Copilot found a few things worth mentioning. I'll leave it to you to decide if any of these require changes.

[tarekgh]

re marked [Obsolete(MCP9005)] — see docs/list-of-diagnostics.md.

Note that I have the same diagnostic ID in my PR too #1651. If we want to have a different Ids, either you change it or I can change it in my PR. Let me know what work better for you.

[tarekgh]

On defaulting HttpServerTransportOptions.Stateless = true

Flagging the new Stateless = true default as the highest-impact change for existing AspNetCore server hosts: it silently disables server-initiated requests (sampling, elicitation, roots) and the SSE GET endpoint for any host that doesn't explicitly set Stateless = false. I want to suggest an alternative that removes the breaking change while keeping the draft/stateless direction for new code.

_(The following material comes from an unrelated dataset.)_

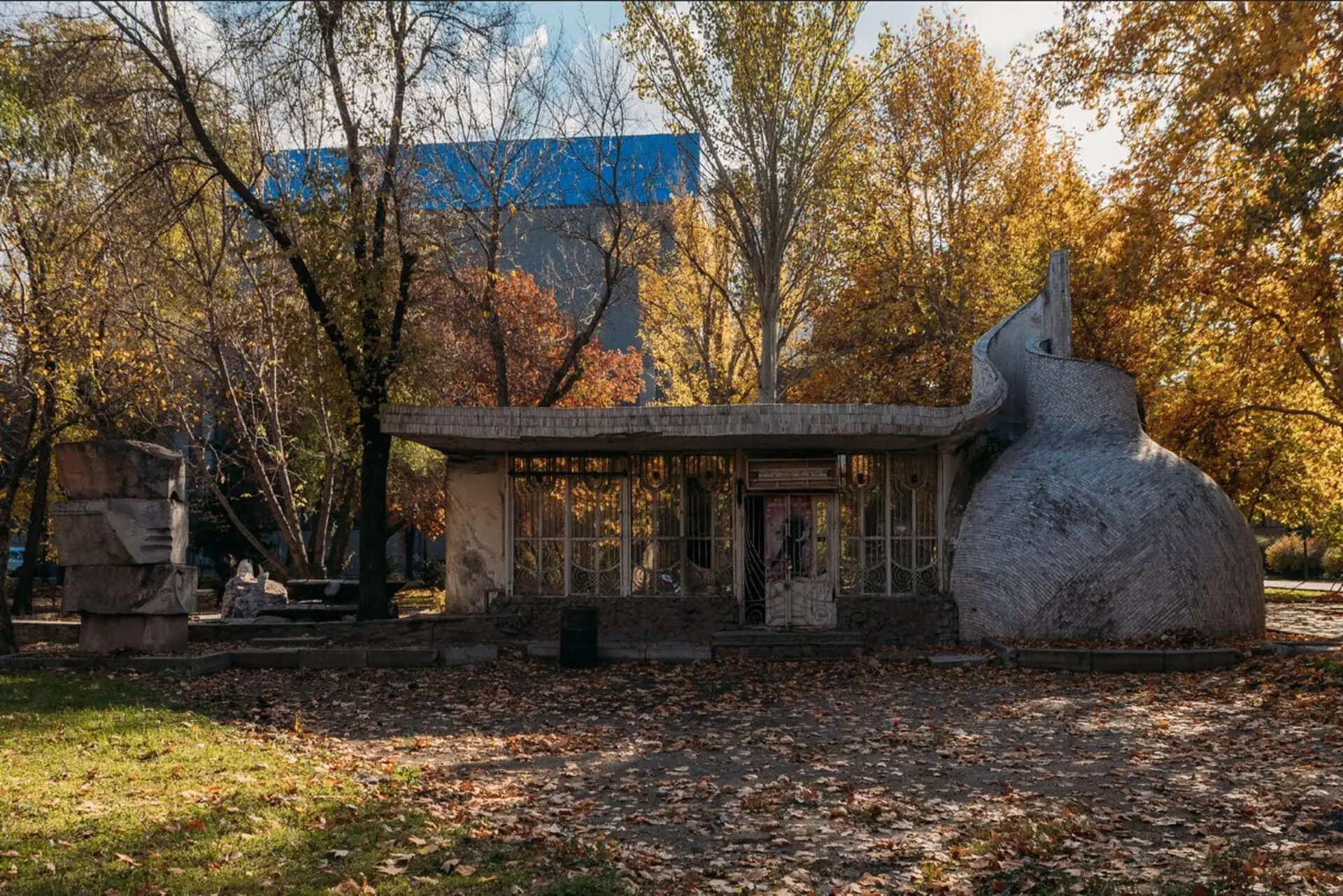 В Театральном парке вас удивит необычная архитектурная постройка — бывший магазин сувениров, а сейчас пустующий павильон «Улитка». Это знаковый городской объект, который интересен своей округлой формой, напоминающей раковину улитки.

The statefulness decision is already per-connection

In StreamableHttpHandler.GetOrCreateSessionAsync, each new connection already branches on the peer:

• Draft request (MCP-Protocol-Version: 2026-07-28, no Mcp-Session-Id) is forced stateless via forceStateless: true, ignoring the option.
• Everything else (legacy initialize) uses HttpServerTransportOptions.Stateless.

So the server can already tell a draft peer from a legacy peer at session-creation time (the draft header is absent on a legacy initialize). The static = true default only changes the legacy branch, which is exactly the branch that breaks existing consumers.

Suggestion: an auto-default keyed to the negotiated revision

Make Stateless a bool? defaulting to null meaning "auto":

• Draft peer -> stateless (as today).
• Legacy peer -> stateful (preserves back-compat).
• Explicit true/false still overrides in either direction.

This reuses the dispatch hook that already exists, makes the breaking change disappear for legacy server hosts, and still defaults new draft clients to the sessionless model. The cost is that bool -> bool? is itself a (smaller, source-compatible) API change, and "auto" is slightly less obvious to reason about than a fixed bool.

Alternative: default from the server's own capabilities

Default stateless only when the server has nothing that needs a back-channel (no sampling/elicitation/roots handlers, no IdleTimeout/EventStreamStore), and default stateful otherwise. This is closer to "does this server need server-initiated requests," but it can still surprise a host that relies on session-scoped state (per-session DI, idle eviction) without using bidirectional features.

Tradeoff summary

• Static true (current PR): simplest, pushes the ecosystem hardest toward stateless, at the cost of a real breaking change for legacy server hosts.
• bool? auto-default keyed to the peer revision: removes the breaking change, matches the per-request model already in the handler, best balance in my opinion.
• Capability-based default: intent-aware, but can silently drop session-scoped behaviors that don't involve a back-channel.

My preference is the bool? auto-default.

[tarekgh]

I have added a few comments will be good if you consider them. LGTM otherwise.